§ EXERCISE OBJECTIVE: Write out word for word each line from the one containing "Pantalón de tiro" through the close of the listing, including both ends. Pictures do not belong in the copy.

§ RECORDED INFORMATION:
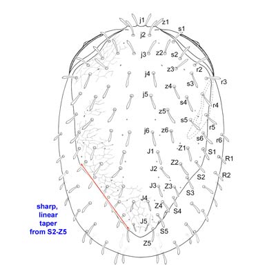 that exposes much of the opisthonotum. The easiest character for recognizing the most commonly encountered species of Stratiolaelaps, S. scimitus (often marketed under the misnomers S. miles or Hypoaspis miles) is the sharp taper of the dorsaldorsal:
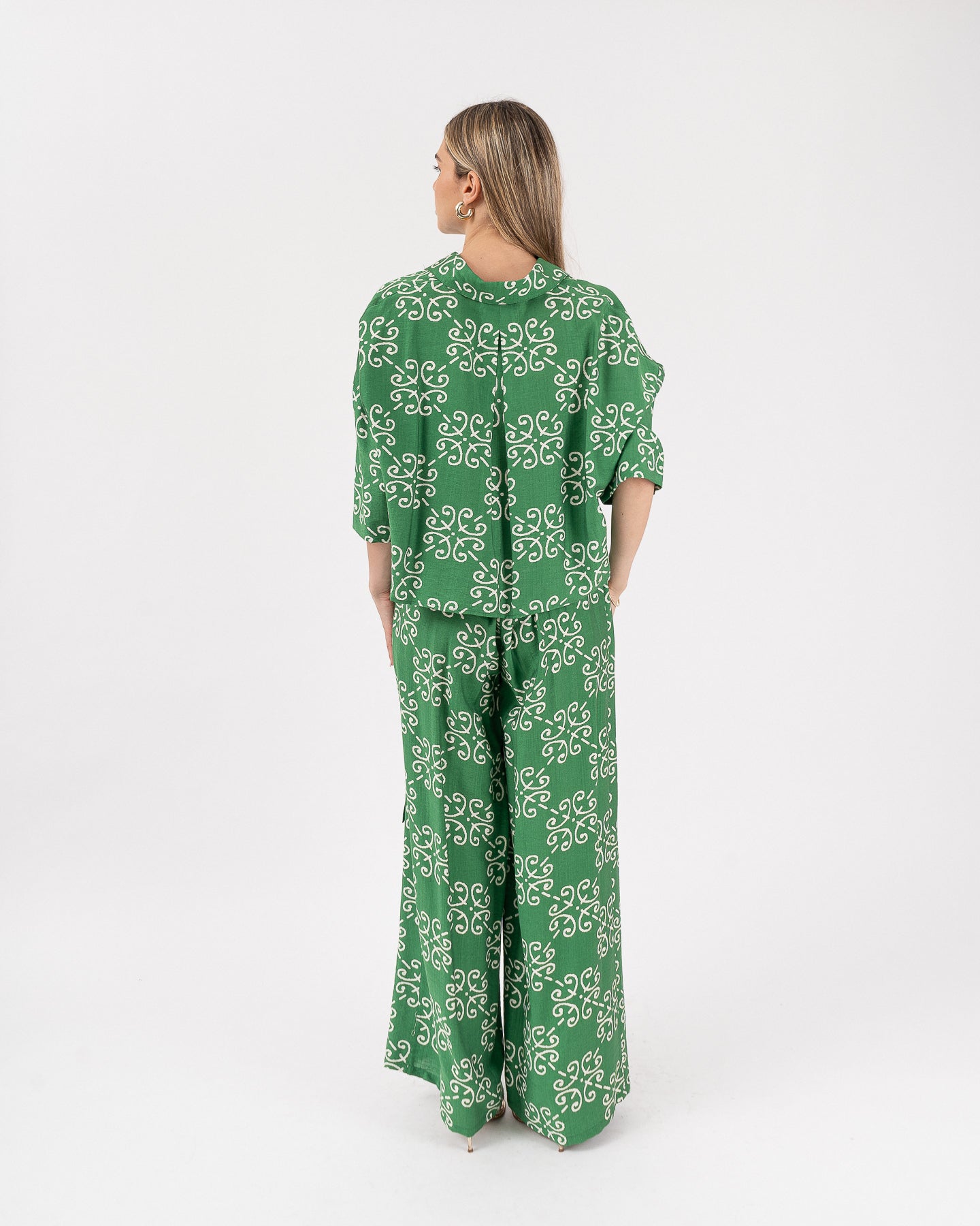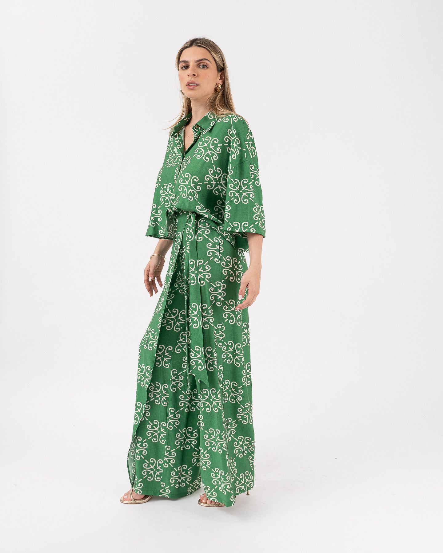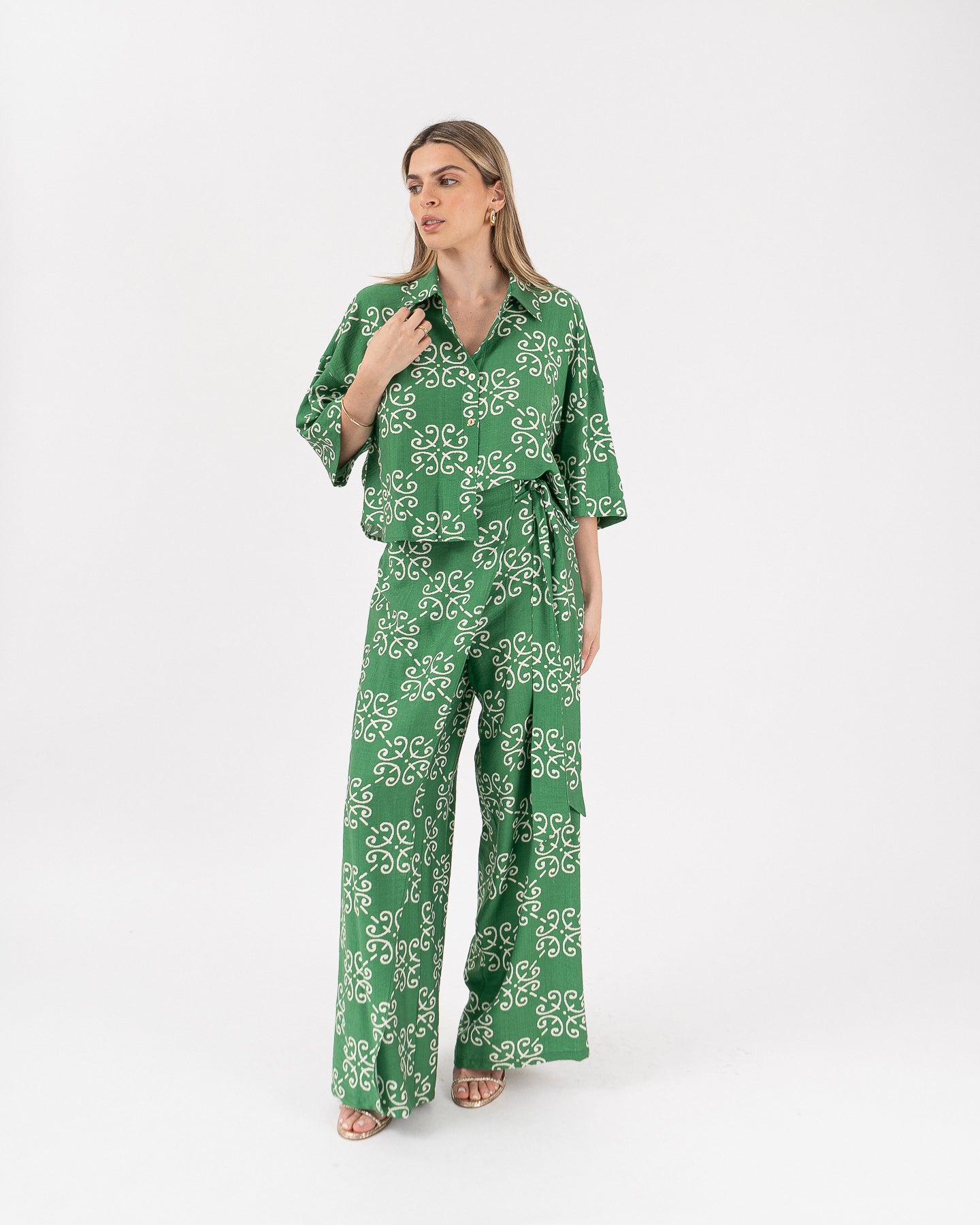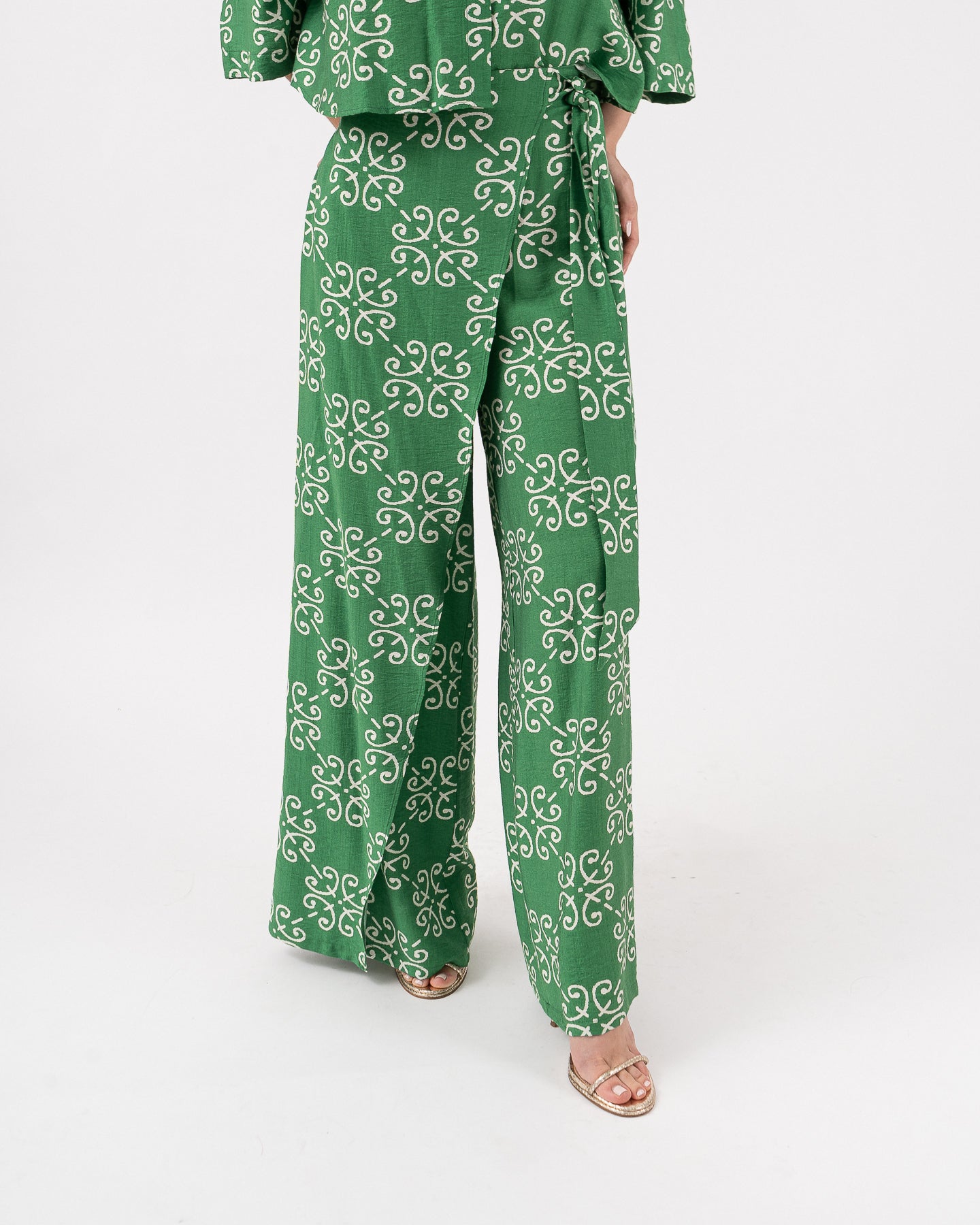 Pantalón de tiro alto con elástico pasado en cintura posterior, cierre invisible en costado izquierdo, capa delantera con tira de amarre.
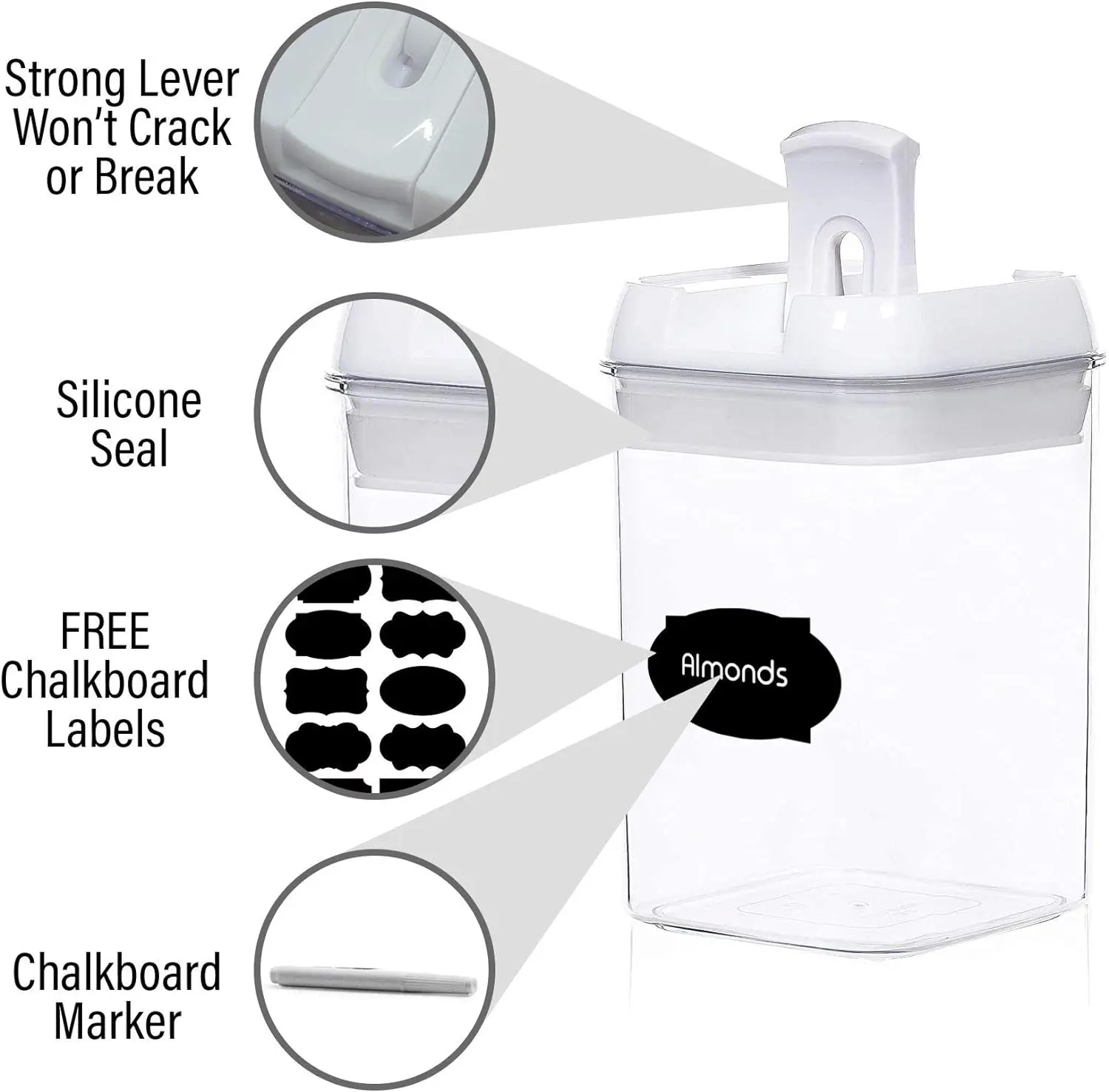 Included with your purchase are labels and a marker, making it easy to identify contents and prevent mix-ups, such as confusing flour with powdered sugar or baking powder with baking soda. Keep track of what’s inside each container with ease!

§ RESULT FOR THIS TASK:
 Pantalón de tiro alto con elástico pasado en cintura posterior, cierre invisible en costado izquierdo, capa delantera con tira de amarre.
 Included with your purchase are labels and a marker, making it easy to identify contents and prevent mix-ups, such as confusing flour with powdered sugar or baking powder with baking soda. Keep track of what’s inside each container with ease!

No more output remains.